What you will do » Each line from the one holding "Комплект от 4" to the last line of the listing must be set down exactly. No pictures are to be included.

#### Source records

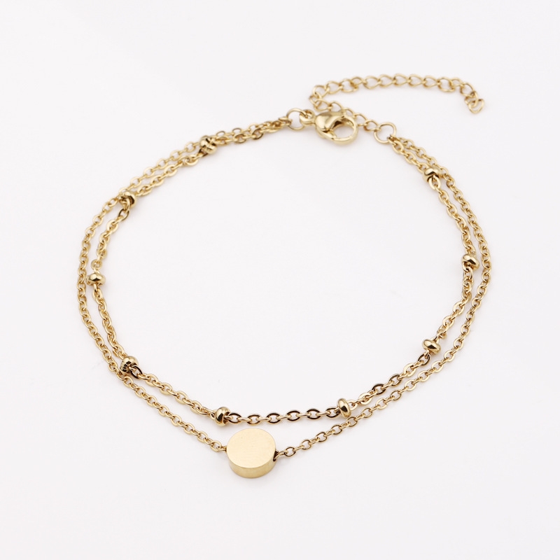 Cross-border Amazon Explosions European and American Women's Bohemian Simple Double-layer Round Pieces of Stainless Steel Plated with 18K Gold
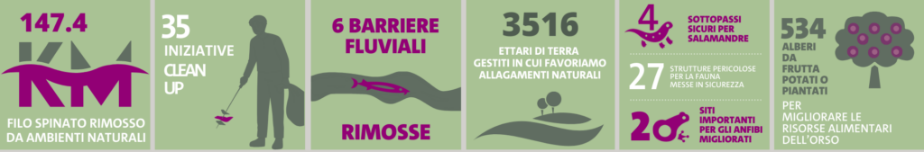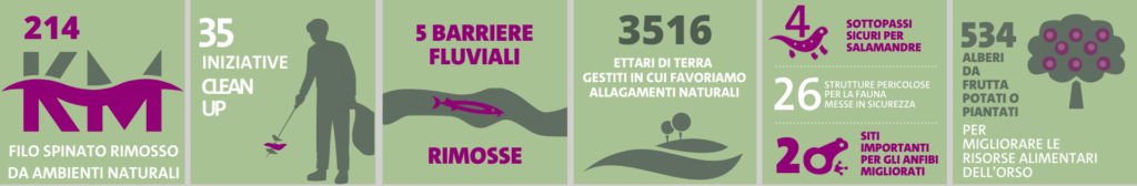 A questo sforzo quotidiano e continuativo si aggiungono tante altre piccole-grandi azioni di miglioramento degli habitat critici per molte specie animali che seguiamo nel nostro lavoro.
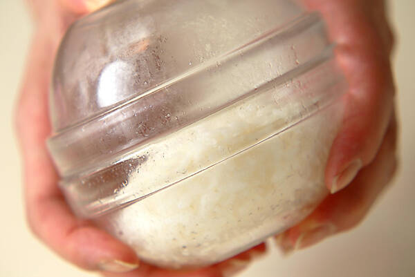 容器、またはラップに握りたい量のご飯を入れ、軽くまとめる。容器の場合はもう1つの容器をかぶせしっかり押さえて上下させれば、容器に中でひとまとまりにまります。ラップの場合はラップでご飯を包んで軽く振れば、ひとまとまりになります。中に具を入れる場合は、この時に入れます。
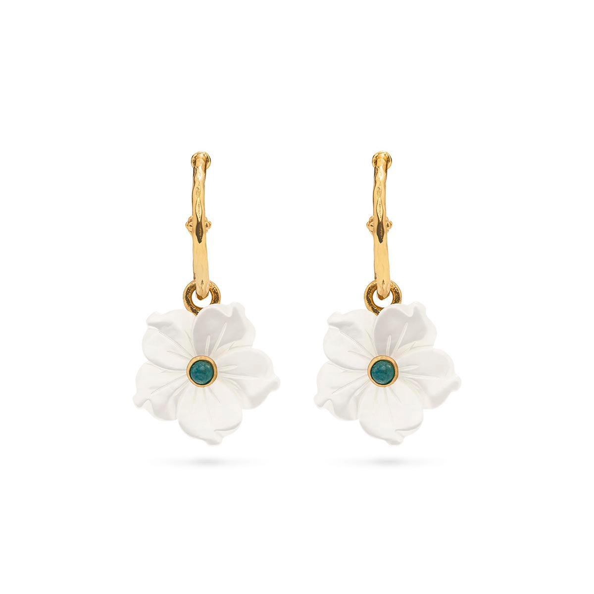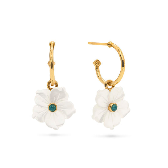 Add a touch of whimsy to your style with Capucine De Wulf's Mermaid Garden Hoop Earrings. The delicate mother of pearl flowers sway playfully from the golden hoops, bringing a touch of charm and iridescence to any outfit. Perfect for any adventure, from the boardroom to a bridal party.
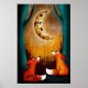 Poster Raposas da Floresta Noturna de Lua-de-Cuta Raposas
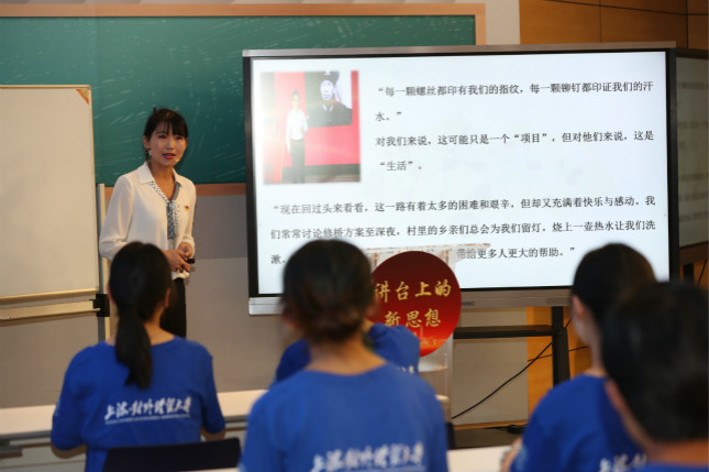 2019年举行近10场“讲台上的新思想”系列教学观摩会,组织大中小学思政课教师在实践中切磋教艺,共同提升。
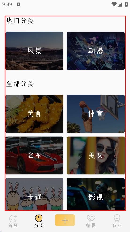 1、打開(kāi)壁紙軟件,進(jìn)入軟件界面,在界面中找到“分類”選項(xiàng)并點(diǎn)擊,進(jìn)入分類頁(yè)面后,在分類里點(diǎn)擊想要瀏覽的類別,點(diǎn)擊該選項(xiàng),進(jìn)入壁紙展示頁(yè)面。
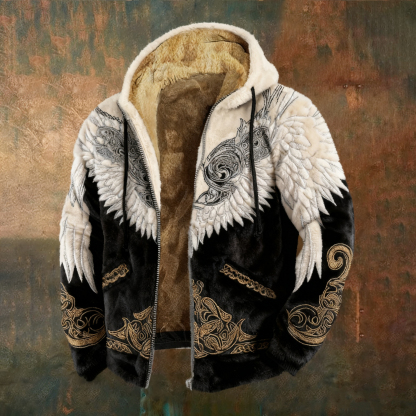 Men's Retro Celtic Knot Wings Color Block Pattern Plush Zip-up Jacket 3c94
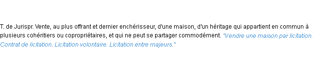 Ancienne signification éditée en 1835 pour le terme « licitation » par l’Académie Française.
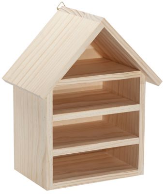 Haus "Insektenhotel" aus Holz, mit Aufhängung an der Rückseite und 4 Fächern zum Befüllen mit Naturmaterialien wie z.B. Zapfen, Ästen, Bambusröhrchen, uvm., Farbe: natur, Grösse: 23 x 16 x 30 cm.
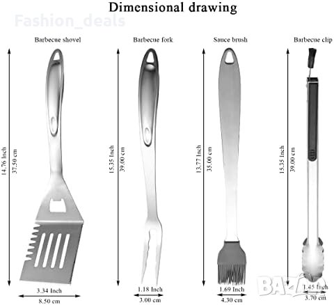 Комплект от 4 части: мултифункционална лопатка, вилица, четка за масло и щипка за грил.
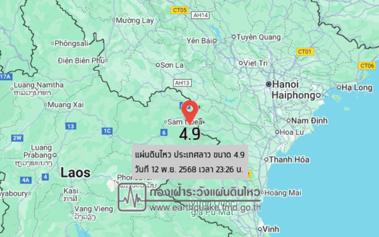 วันที่ 12 พ.ย. 2568 เวลา 23:26 น. กองเฝ้าระวังแผ่นดินไหว กรมอุตุนิยมวิทยา แจ้งเหตุ แผ่นดินไหว ขนาด 4.9 ความลึก 10 กม. ภายในพื่นที่ของประเทศลาว (20.36°N,104.47°E) ศูนย์กลางห่างออกไปทางทิศตะวันออกเฉียงเหนือของ ต.หอคำ อ.เมืองบึงกาฬ จ.บึงกาฬ ประมาณ 240 กม. ยังไม่มีรายงานผลกระทบต่อประเทศไทย
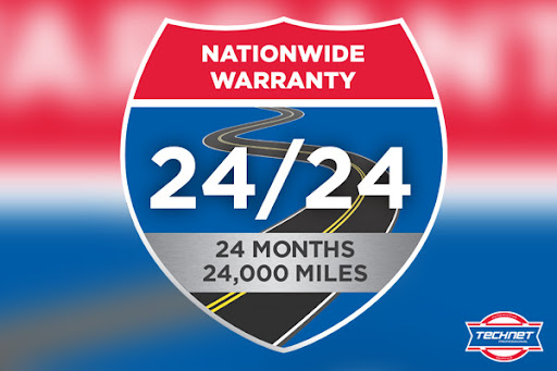Our Warranty program covers most parts and labor for…24 months or 24,000 miles / 38,000 kilometers, whichever comes first when traveling more than 25 miles / 40 kilometers from the original TECH-NET PROFESSIONAL AUTO SERVICE® repair facility.
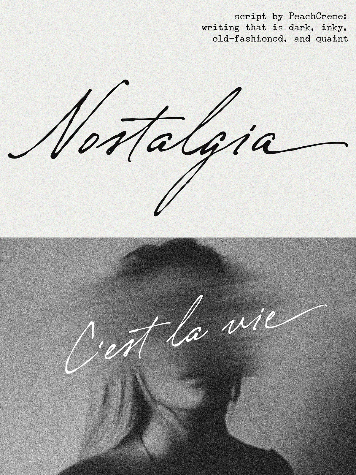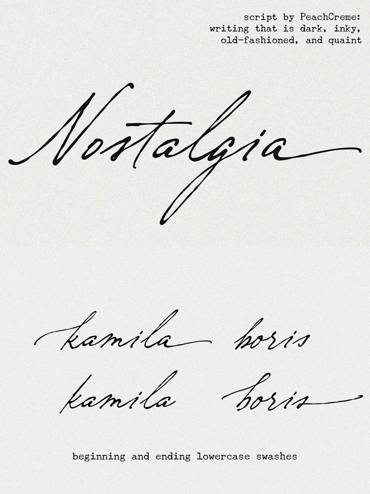 The inspiration behind Nostalgia comes from traditional handwriting styles characterized by fluid strokes and expressive swashes. This font features fantastic starting and ending lowercase swashes that add a graceful, handcrafted touch to your text. The dark vintage style evokes a sense of history and authenticity, making it perfect for projects that require a warm, nostalgic feel.

########

Exercise response »
 Комплект от 4 части: мултифункционална лопатка, вилица, четка за масло и щипка за грил.
 วันที่ 12 พ.ย. 2568 เวลา 23:26 น. กองเฝ้าระวังแผ่นดินไหว กรมอุตุนิยมวิทยา แจ้งเหตุ แผ่นดินไหว ขนาด 4.9 ความลึก 10 กม. ภายในพื่นที่ของประเทศลาว (20.36°N,104.47°E) ศูนย์กลางห่างออกไปทางทิศตะวันออกเฉียงเหนือของ ต.หอคำ อ.เมืองบึงกาฬ จ.บึงกาฬ ประมาณ 240 กม. ยังไม่มีรายงานผลกระทบต่อประเทศไทย
Our Warranty program covers most parts and labor for…24 months or 24,000 miles / 38,000 kilometers, whichever comes first when traveling more than 25 miles / 40 kilometers from the original TECH-NET PROFESSIONAL AUTO SERVICE® repair facility.
 The inspiration behind Nostalgia comes from traditional handwriting styles characterized by fluid strokes and expressive swashes. This font features fantastic starting and ending lowercase swashes that add a graceful, handcrafted touch to your text. The dark vintage style evokes a sense of history and authenticity, making it perfect for projects that require a warm, nostalgic feel.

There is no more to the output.